## Exercise details
Scan the records below for the line with "平行进口到国内的2018款普" and the line with "ユニ・チャーム 銀のスプーン 三ツ星グルメ". Repeat those two lines and every line between them exactly, and nothing else.

## Material provided
■ ■ ■
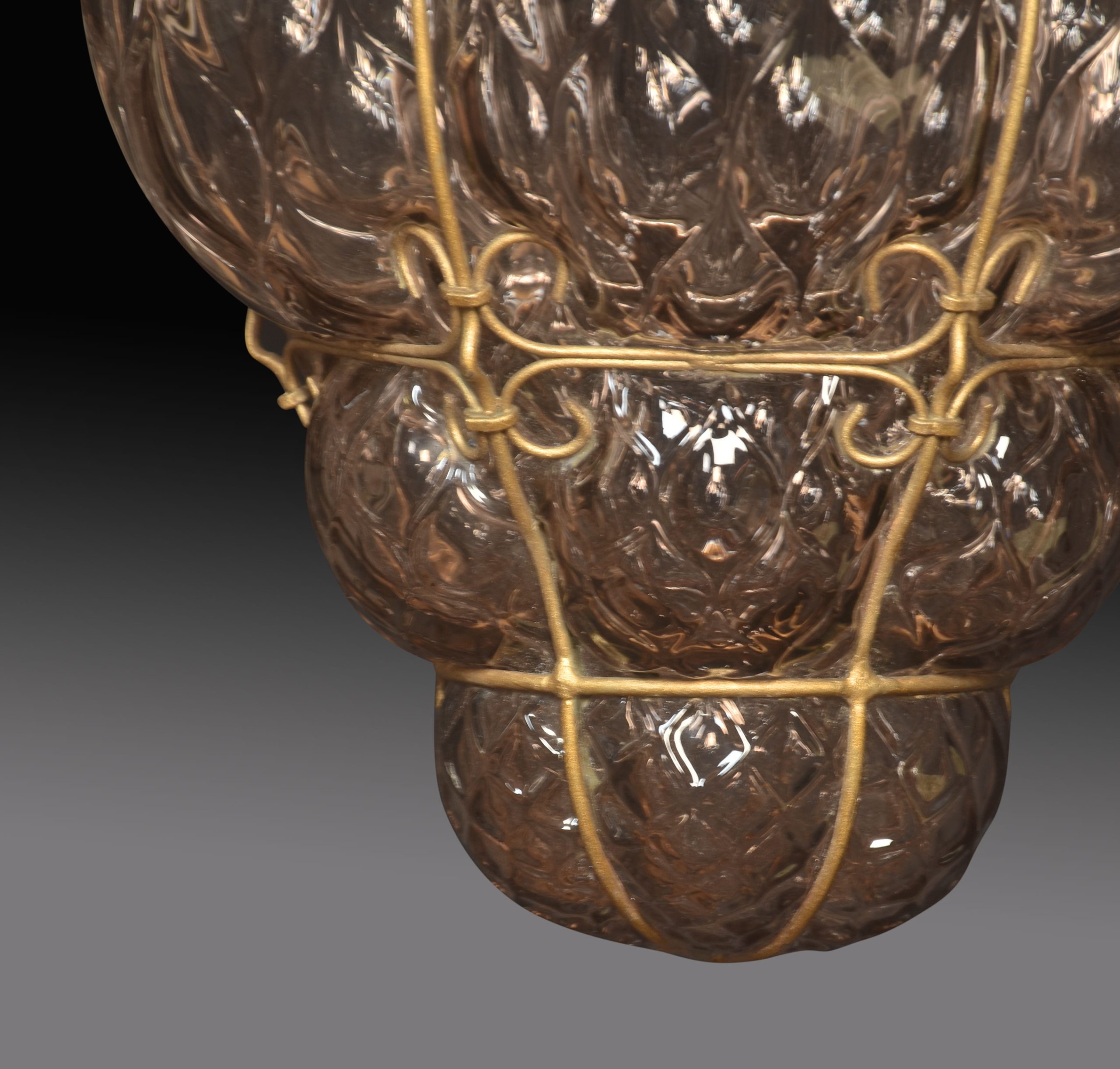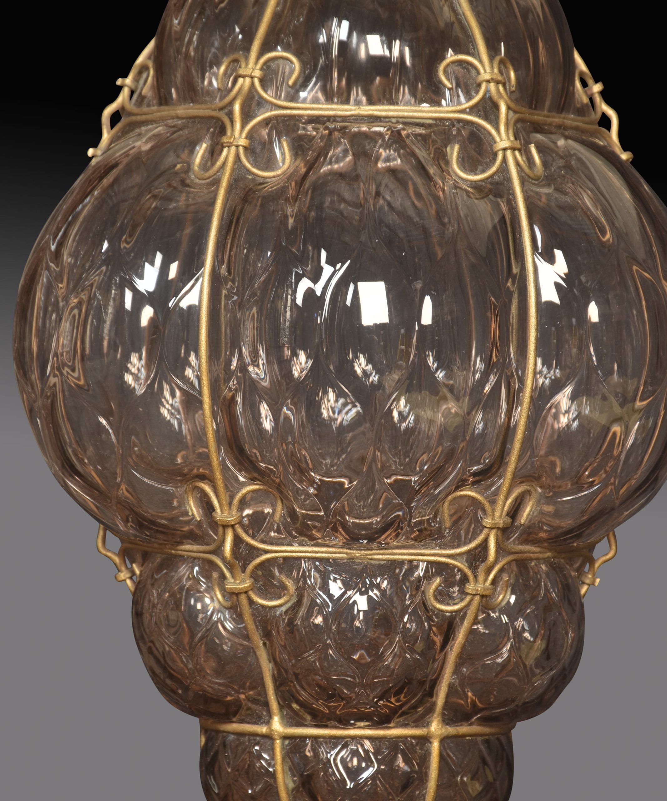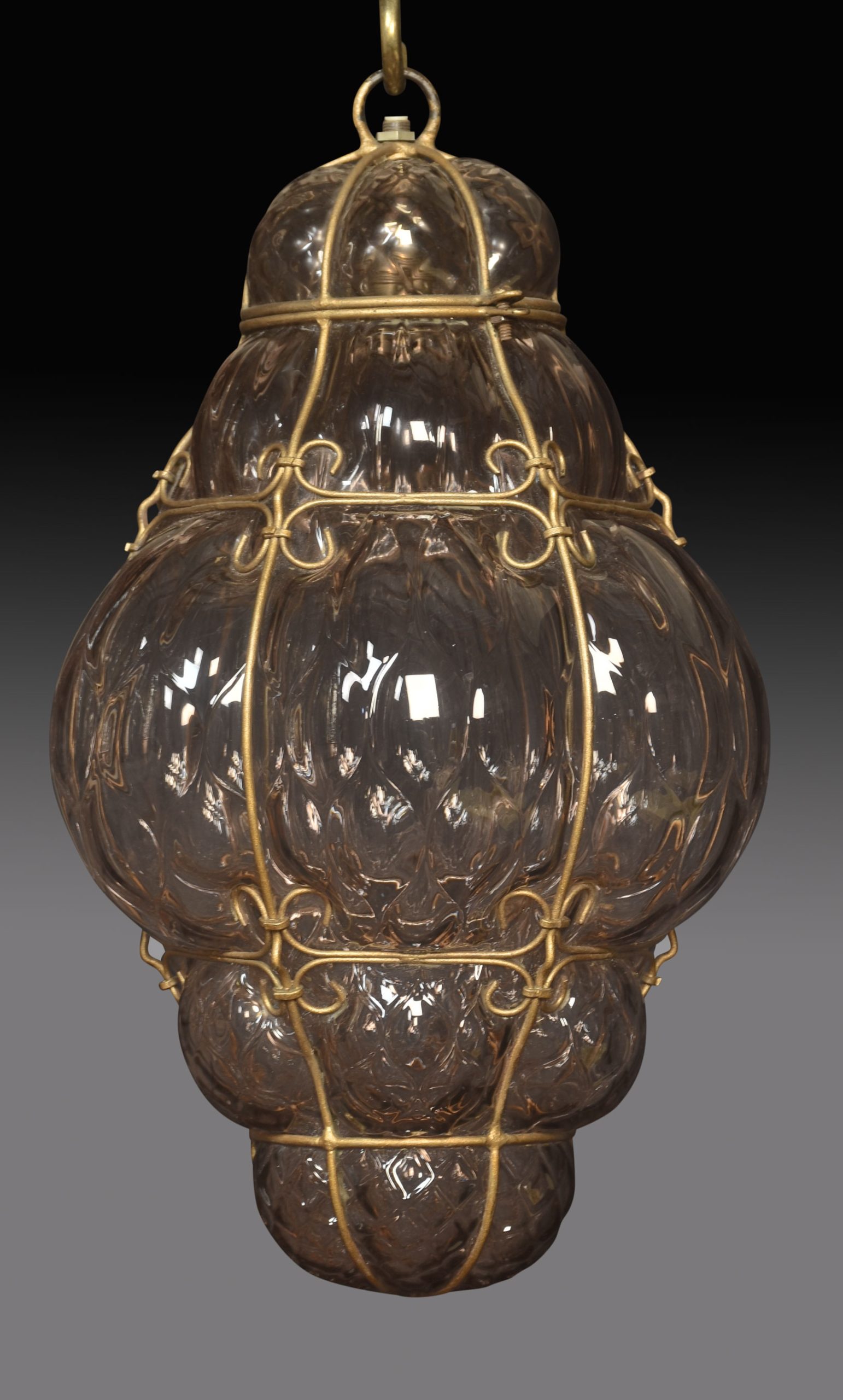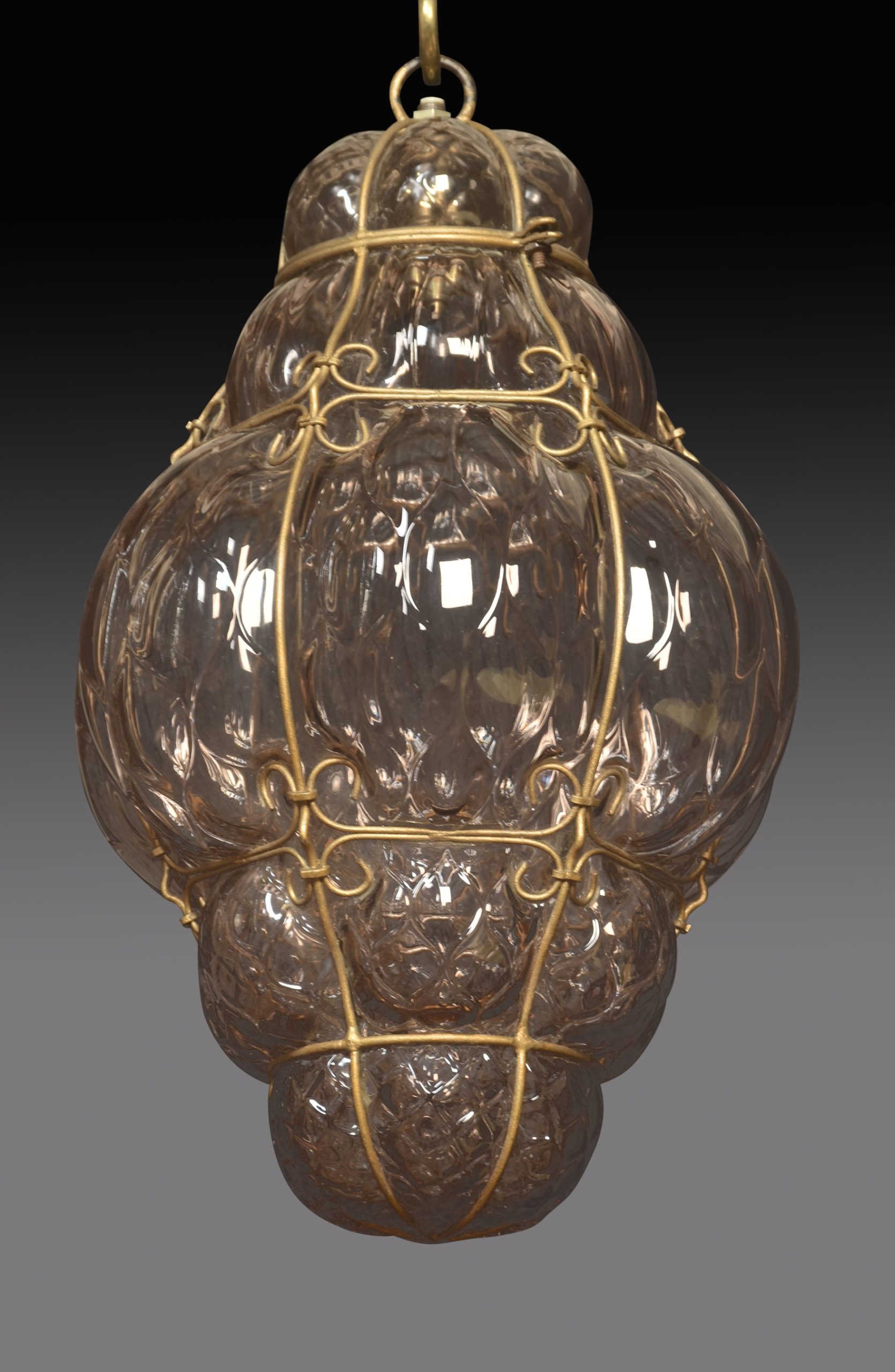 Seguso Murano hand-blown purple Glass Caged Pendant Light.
■ ■ ■
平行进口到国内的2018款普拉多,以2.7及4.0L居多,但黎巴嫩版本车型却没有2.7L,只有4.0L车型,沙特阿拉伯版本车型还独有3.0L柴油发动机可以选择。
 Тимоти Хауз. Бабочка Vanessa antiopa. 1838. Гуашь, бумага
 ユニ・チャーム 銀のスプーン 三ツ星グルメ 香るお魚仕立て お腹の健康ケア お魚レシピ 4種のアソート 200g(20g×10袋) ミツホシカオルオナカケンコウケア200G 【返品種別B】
■ ■ ■
## Task response
平行进口到国内的2018款普拉多,以2.7及4.0L居多,但黎巴嫩版本车型却没有2.7L,只有4.0L车型,沙特阿拉伯版本车型还独有3.0L柴油发动机可以选择。
 Тимоти Хауз. Бабочка Vanessa antiopa. 1838. Гуашь, бумага
 ユニ・チャーム 銀のスプーン 三ツ星グルメ 香るお魚仕立て お腹の健康ケア お魚レシピ 4種のアソート 200g(20g×10袋) ミツホシカオルオナカケンコウケア200G 【返品種別B】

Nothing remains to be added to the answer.